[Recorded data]
■ ■ ■ ■

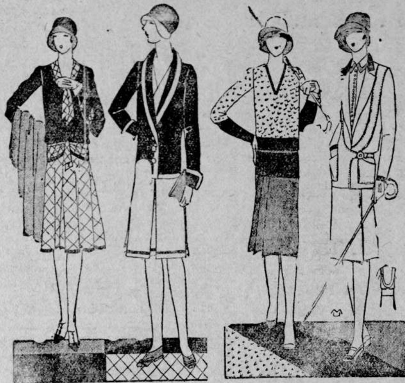
Nowe modne kostjomy jesienne i suknie.

Słynna BEBE DANIELS naśladuje Fairbanksa
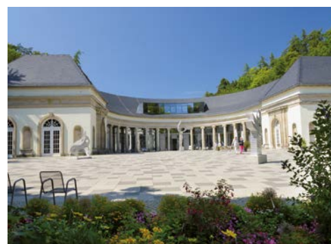
Die Wandelhalle im Kurpark
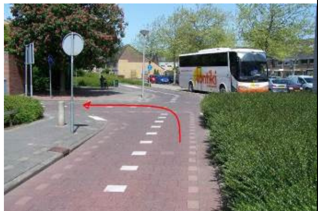
Ga linksaf de Verdilaan in
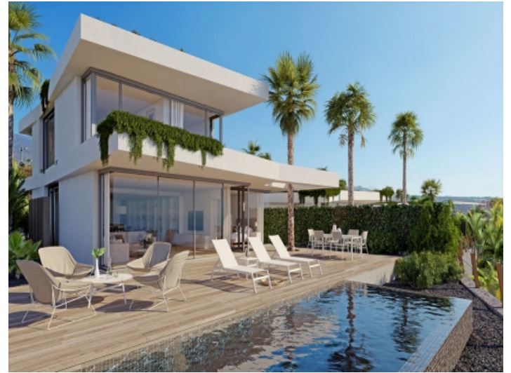
Einladender Poolbereich der Villa
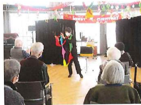
クリスマス会 マジックショーや音楽会を楽しんでい ただきました
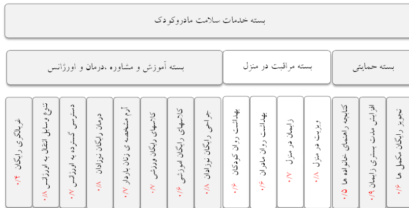
شکل ۲- مدل بسته خدمات سلامت مادر و کودک با توجه به یافته‌های مطالعه تطبیقی و بار عاملی آن‌ها
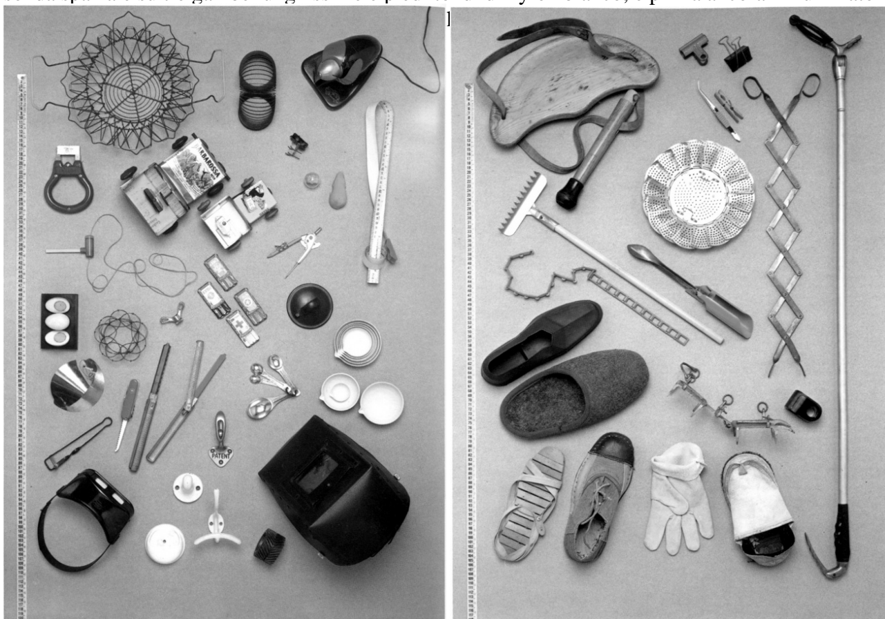
Oggetti di designer senza nome, dalla collezione di Achille Castiglioni

Già in Tubino, che era una sfida tecnica, una lampada fatta di pochissimo – affermazione coerentissima nella ricerca di una plasticità in cui si intrecciano efficacia e sintesi – e che pure resta per noi un curioso serpentello da tavolo, che si fa avvertire come personaggio teso, nervoso, qui ammansito per incanto: presenza attiva nel paesaggio della scrivania, questo oggetto è abbastanza trasparente da non imporsi al guardare ma afferma anche, con decisione, nella virtù della dimensione corretta, la propria giusta parte. E non è lo stesso, quando il progetto ripesca nel bric-à-brac delle tecniche, o quando più raccoglie il portato dei linguaggi, il repertorio pop dei fumetti o dello sport, senza citarne alla lettera le forme o i segni come avrebbe fatto il Liechtenstein pittore – al più riprendendone alcuni con sobrietà e ironia leggera? Quando, quasi riflettendo le attenzioni di Dorflès, il design trae dal lessico figurativo di una fantascienza che è diventata immaginario condiviso: si ricorda Allunaggio, verde sgabello da giardino che poggia come ragno o sonda spaziale su tre gambe lunghissime e piedi tondi di nylon bianco; e prima ancora il Luminator dalle
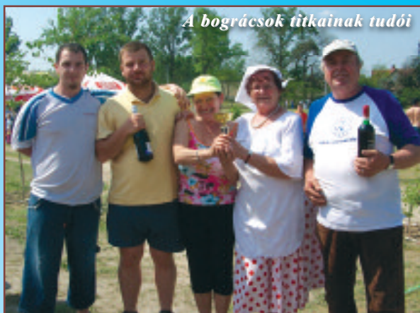
A bográcsok titkainak tudói
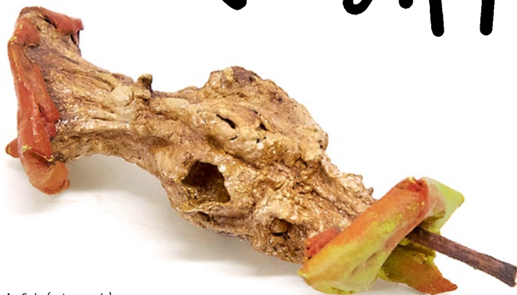
Gavin Turk, Gala (eaten apple) , 2011 Bronze, bemalt; © Gavin Turk
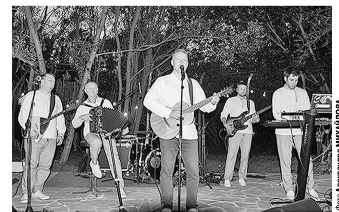
Под вечерним небом Лозового выступает «Ярилов зной».

Сотни жителей старинного верхнеамонского села Лозового, а также гости из соседних населённых пунктов, из Верхнего Мамона, Павловка и даже из Воронежа пришли и приехали на прошедший здесь воскресным вечером праздник, посвящённый Дню семьи, любви и верности.
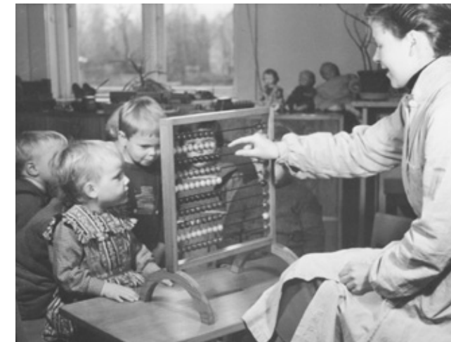
Daghjemmet C.V. Rasmussens Minde. Børnene og en assistent regnede på kugleramme. 1950.

Det var dog ikke nemt at få sognerådet til at give penge til legetøj. Ifølge referatet af socialudvalgsmøde den 6. november 1944 fremgår det, at frk. Jensen i de
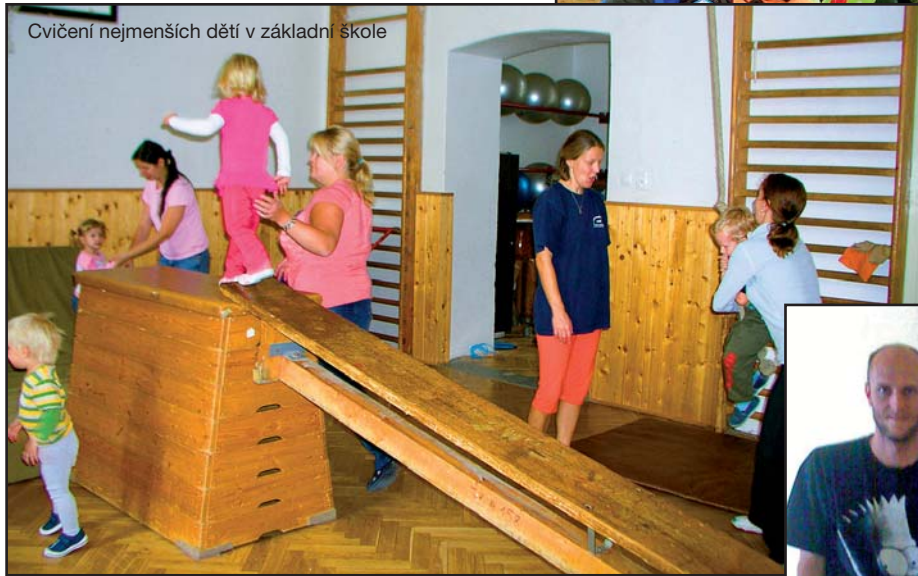
Cvičení nejmenších dětí v základní škole
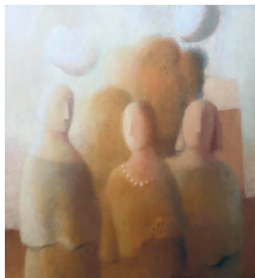
Работы из коллекции Семена Верника
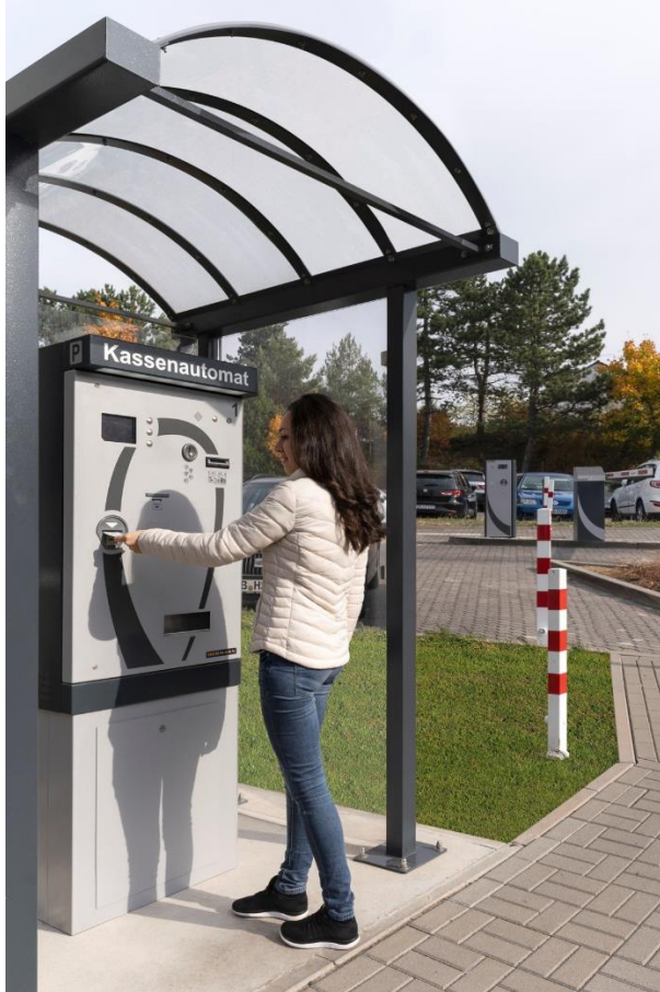
Bild 2: Kassensysteme können mit individuellen Bezahlssystemen (Bargeld, Kredit- und EC-Karten) betrieben werden.

Hörmann KG Verkaufsgesellschaft Tore · Türen · Zargen · Antriebe
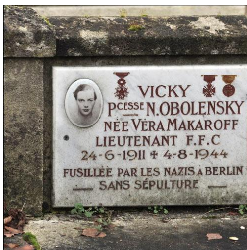
Fotografia 20. Tablica na cześć Very Obolenskiej.

W lipcu 1944 roku, po inwazji Aliantów w Normandii, księżną przewieziono do Berlina, gdzie została stracona na gilotynie. Od wyprowadzenia jej ze spacerniaka do sali śmierci do położenia na gilotynie i wykonania wyroku upłynęło zaledwie 18 sekund. Jej ciało przekazano studentom medycyny do badań i nauki. Nie ma jej grobu, ale na cmentarzu rosyjskim Sainte-Geneviève-des-Bois na jej cześć ustawiono kenotaf (pusty grobowiec). Na pomniku ofiar wojny w Normandii znajduje się pamiątkowa tablica z jej nazwiskiem.
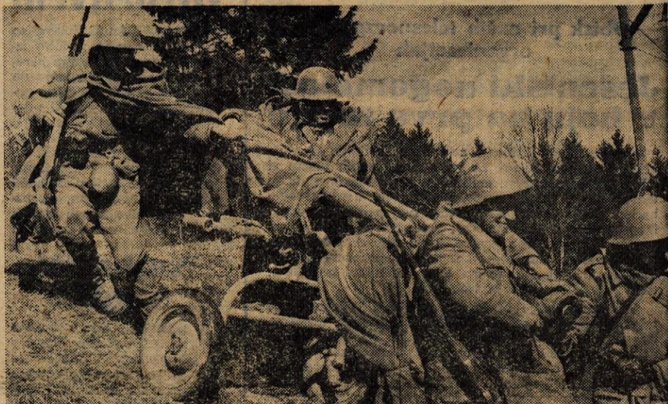
Blato, dež, sneg in izredno težki terenski pogoji so bili velika preizkušnja za enote JLA, teritorialno obrambo in civilno zaščito. Po končanih vajah pa smo na obrazih vseh opazili sicer utrujen, vendar zadovoljen nasmeh.
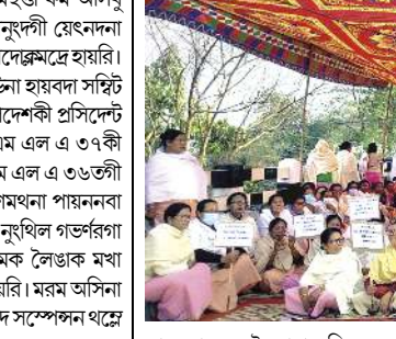
ফাওবা তংদু লৈতাবা হঞ্জিলহনবা গুডবগী অটৌবা ১৫ ৰোমদমক শুৱিবা লৈকায় ...মখা লামায় ৩ কলম ২

ইম্ফাল, ফেব্রুৱাৰী ১১ (এচএনএস) : মে ৩, ২০২৩দগী কুকি টেমৱিষ্টিংনা শীততা অতম্মনা ওনশিন্দুনা তমথিৱা লান অমা চখরকপদগী হৌজিক
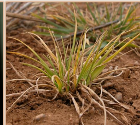
Síntomas de BYDV
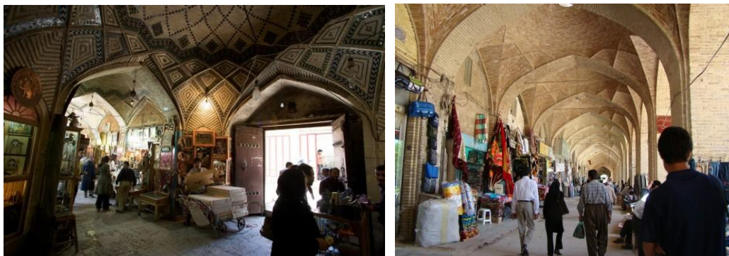
Bazares in le citates Iranian Shiraz e Kerman

Con stratas stricte e labyrinthic, movimento intense e un infinitate de productos a vendita, le bazares es un attraction multo interessante pro visitantes. Situate in le centros ancian del principal agglomeraciones, iste mercatos coperte funciona como un citate intra altere.
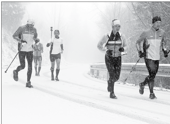
Tekači so po dobri uri po petih centimetrih svežega snega utrjeni in dodobra premočeni pritekli do hotela na Golteh.
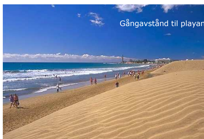
Gångavstånd til playan

Vi rekommenderar dock att ni tar halvpension för smidighetens skull, samt det sociala med gruppen. Vi har möjlighet att byta middag till lunch om det passar oss bättre (normalt ingår frukost och middag). Barn upp till 12 år får 50% rabatt på halv-pensionen. Barn 0-6 år äter gratis. Åker man med utan att vara med i vår träning får man rabatterat pris: 3500 kr.
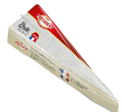
PRESIDENT ブリーチーズ 90g

特 長：ヨーロッパチーズNo.1ブランド「PRESIDENT」ブリーチーズはマイルドでミルクィな味わいが特長です。パンやクラッカーとともに楽しめます。
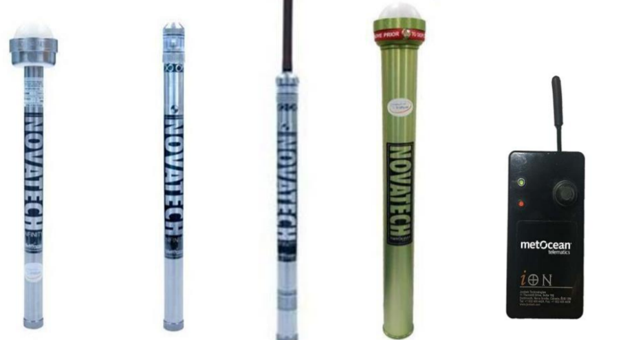
イリジウムビーコン ラジオビーコン イリジウム送信機 LEDフラッシャー 海表面用イリジウムビーコン
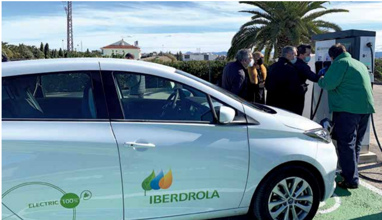
Cotxe de recàrrega ràpida.

El projecte forma part de l'acord aconseguit entre Iberdrola i Restaurant Doménech per a conjuminar esforços en la lluita contra el canvi climàtic i fomentar la sostenibilitat.
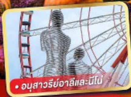
• อูบาสวารียาลิและนิโบ
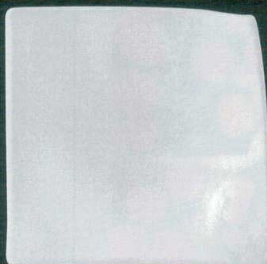
3-461-02 1201534 【A】ワンプレート 白(M) ¥800 111×111×H46 梱200
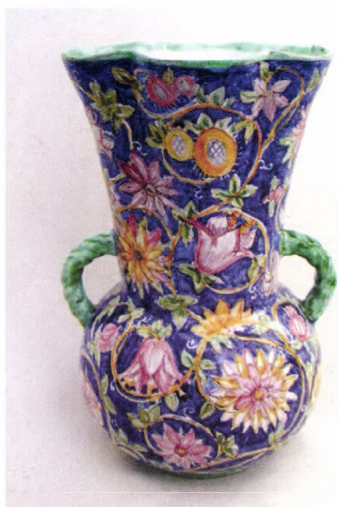
Goszthonyi Mária: Kétfüles váza, 1970-es évek után
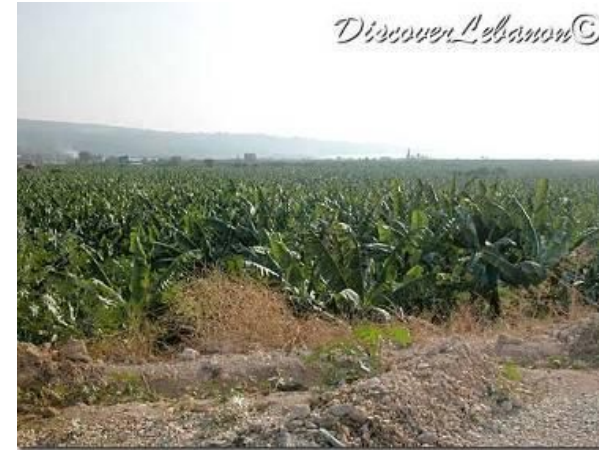
Bananeraies sur la côte à Damour - Liban
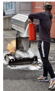
Brannvernopplæring for einslege mindreårige flyktingar

I samarbeid med flyktingtenesta gjennomfører vi teoretisk og praktisk brannvern-opplæring av alle flyktingar i kommunen sitt introduksjonsprogram. 15 flyktingar fekk slik opplæring i sommar på Ågotnes brannstasjon. Vi hadde og ein eigen brannvern-opplæring for 7 einslege mindreårige flyktingar i sommar. Det er vidare gjennomført 3 heimebesøk i utvalde bustader for flyktingar i 2020.

■ ■ ■ ■

▶ _Task description_
Leave out every picture, and copy exactly the lines above starting at the one holding "Słynna BEBE DANIELS naśladuje Fairbanksa" and ending at the one holding "A bográcsok titkainak tudói", no more and no less.

▶ _Task answer_
Słynna BEBE DANIELS naśladuje Fairbanksa
Die Wandelhalle im Kurpark
Ga linksaf de Verdilaan in
Einladender Poolbereich der Villa
クリスマス会 マジックショーや音楽会を楽しんでい ただきました
شکل ۲- مدل بسته خدمات سلامت مادر و کودک با توجه به یافته‌های مطالعه تطبیقی و بار عاملی آن‌ها
Oggetti di designer senza nome, dalla collezione di Achille Castiglioni

Già in Tubino, che era una sfida tecnica, una lampada fatta di pochissimo – affermazione coerentissima nella ricerca di una plasticità in cui si intrecciano efficacia e sintesi – e che pure resta per noi un curioso serpentello da tavolo, che si fa avvertire come personaggio teso, nervoso, qui ammansito per incanto: presenza attiva nel paesaggio della scrivania, questo oggetto è abbastanza trasparente da non imporsi al guardare ma afferma anche, con decisione, nella virtù della dimensione corretta, la propria giusta parte. E non è lo stesso, quando il progetto ripesca nel bric-à-brac delle tecniche, o quando più raccoglie il portato dei linguaggi, il repertorio pop dei fumetti o dello sport, senza citarne alla lettera le forme o i segni come avrebbe fatto il Liechtenstein pittore – al più riprendendone alcuni con sobrietà e ironia leggera? Quando, quasi riflettendo le attenzioni di Dorflès, il design trae dal lessico figurativo di una fantascienza che è diventata immaginario condiviso: si ricorda Allunaggio, verde sgabello da giardino che poggia come ragno o sonda spaziale su tre gambe lunghissime e piedi tondi di nylon bianco; e prima ancora il Luminator dalle
A bográcsok titkainak tudói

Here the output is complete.